The dragon roared and came at him. Its claws, previously so light and elegant, scored channels in the concrete as it ran. Its tail waved behind it, ripping the steel hand-railing from the edge of the esplanade. Its head swayed from side to side as it ran, and the closer it came, the larger its teeth appeared.

Instead of turning to flee, Hellboy ran forward to meet it.

The dragon pulled up short, perhaps surprised by Hellboy’s tactic, and gushed another wall of fire in his direction. But Hellboy was ready for that, and he did a long forward roll through the flames and out the other side. When he stood, smouldering slightly, he was only feet away from the dragon’s head.

“That’s not nice,” he said, and he punched the creature square on the nose with his heavy right hand.

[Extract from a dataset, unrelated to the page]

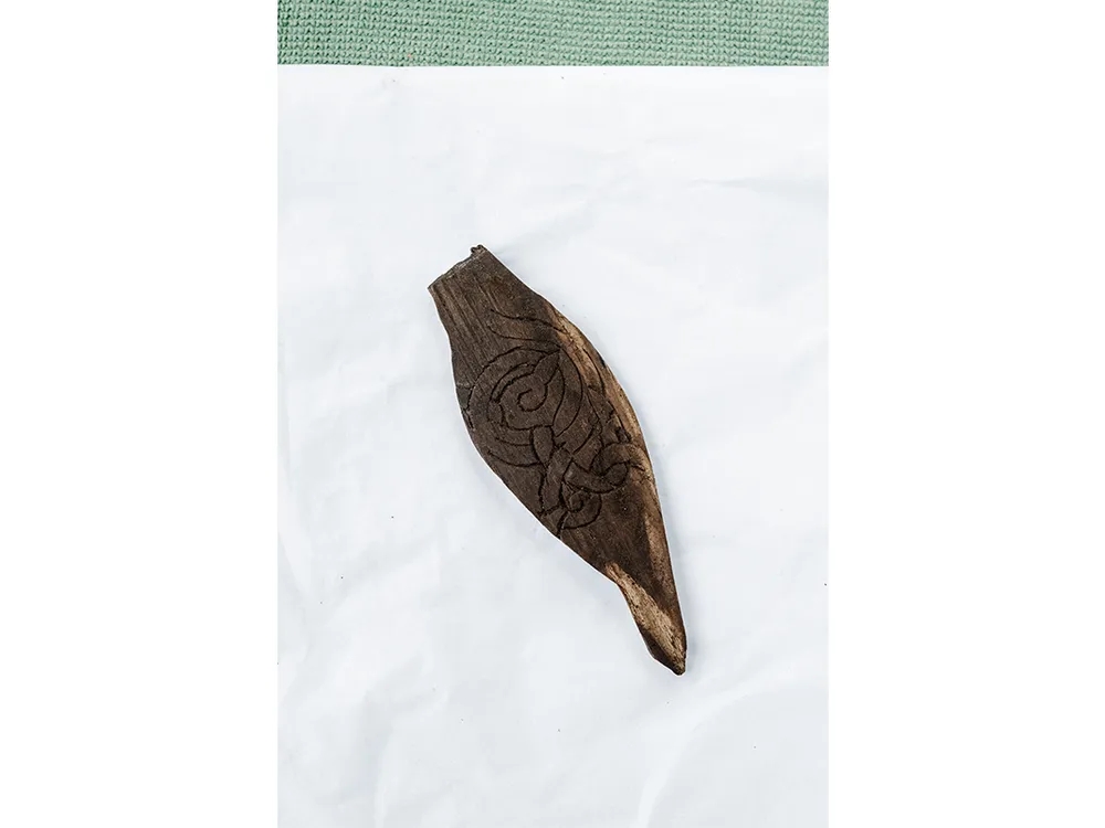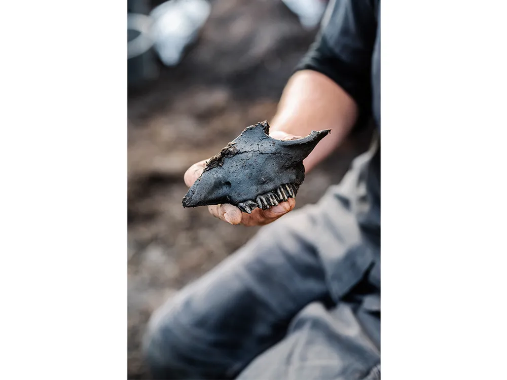 He and his team of seven students have spent several weeks digging into a midden—a trash heap—just below the homestead’s tumbled ruins. On a cold, damp morning, Cameron Turley, a PhD candidate at the City University of New York, stands in the ankle-deep water of a drainage ditch. He’ll spend most of the day here, a heavy hose draped over his shoulder, rinsing mud from artifacts collected in a wood-framed sieve held by Michalina Kardynal, an undergraduate from Cardinal Stefan Wyszynski University in Warsaw. This morning they’ve found a delicate wooden comb, its teeth intact. They’re also finding seal bones. Lots of them.

The dragon roared, then whimpered. It reared up to its full height – big, very big, easily ten times as tall as Hellboy – and snorted. A couple of weak flames came from its nostrils, and then only smoke. It snorted again. Blood flecked the concrete around Hellboy, and he wiped a glob of it from his eye.

“Again?” Hellboy said.

The dragon seemed to agree. It launched itself forward and fell on all fours, trapping Hellboy beneath its stomach and crushing him down into the concrete. He gasped, tried to twist away, lost hold of the pistol. And then the dragon began to move across the esplanade, dragging Hellboy beneath it.

“Crap. Crap!” His jacket was ripped, his skin scored by the concrete, and the creature above him rumbled with something that could have been laughter. “You laughing at me, barbeque breath?”

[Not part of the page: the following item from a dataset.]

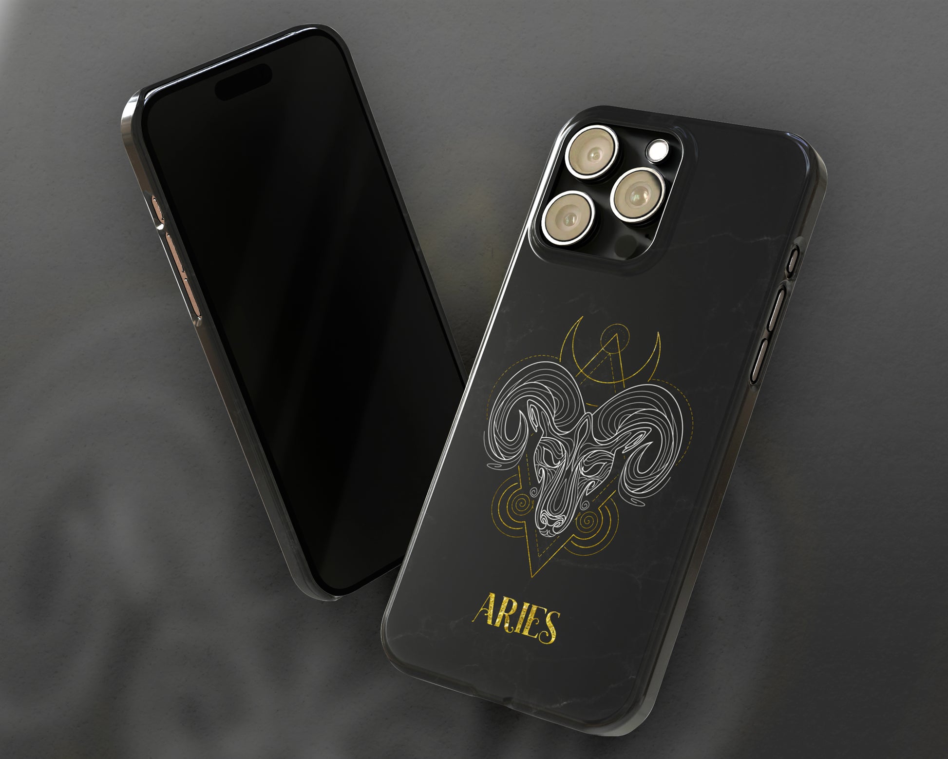 Aries Zodiac sign golden line art black marble iPhone case

The dragon stood and Hellboy immediately punched upward into its gut. It roared in pain and stumbled sway, its swinging tail catching Hellboy across the chest as it retreated. He went sprawling, and as he came to a stop he leaned over and picked up the pistol. “That’s convenient,” he said, firing at the dragon’s head. The bullet ricocheted from the heavy scales above its eye and winged off somewhere over Rio.

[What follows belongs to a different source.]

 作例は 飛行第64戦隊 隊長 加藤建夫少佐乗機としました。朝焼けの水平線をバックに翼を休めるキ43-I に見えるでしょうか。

That really pissed off the giant worm.

This is turning bad, Hellboy thought. Before he could stand, the dragon snatched him up in one of its claws and launched itself over the edge of the parapet.

The ground dropped away beneath Hellboy. Still clasping the pistol in his left hand, he was now loathe to use it. Kill the dragon, fall a few hundred feet with ten tonnes of dead meat right above him … that did not appeal. And besides, there were houses down there, cars, parks and people. His only hope now was to wait and see whether this thing took him over open ground. Then, perhaps, a bullet in the spine.

Looking way, way down he could see Amelia’s Jeep parked in the station car park. He waved, almost laughed with the ridiculousness of the gesture, but he could not see whether the lecturer waved back.
The dragon flew hard and fast, and it took only a minute for the land beneath them to give way to sea. Now, Hellboy thought, this is when I can-

The dragon dropped him. They must have been quarter of a mile high.

Hellboy wanted to scream, but that way he’d lose the crushed cigarette in his mouth. He wanted to shoot, but his arms were pinwheeling in an attempt to keep himself upright as he fell. And he wanted, so much, to reach the water. Because he knew exactly what was coming next.

The dragon swept down at him and belched fire. Hellboy grimaced as the flames engulfed him, singeing his hair and goatee, stretching his skin, igniting his utility belt. When the flames guttered out the dragon was already diminishing into the distance.

Hellboy had time to draw one puff on his newly lit cigarette before he struck the surface of the bay.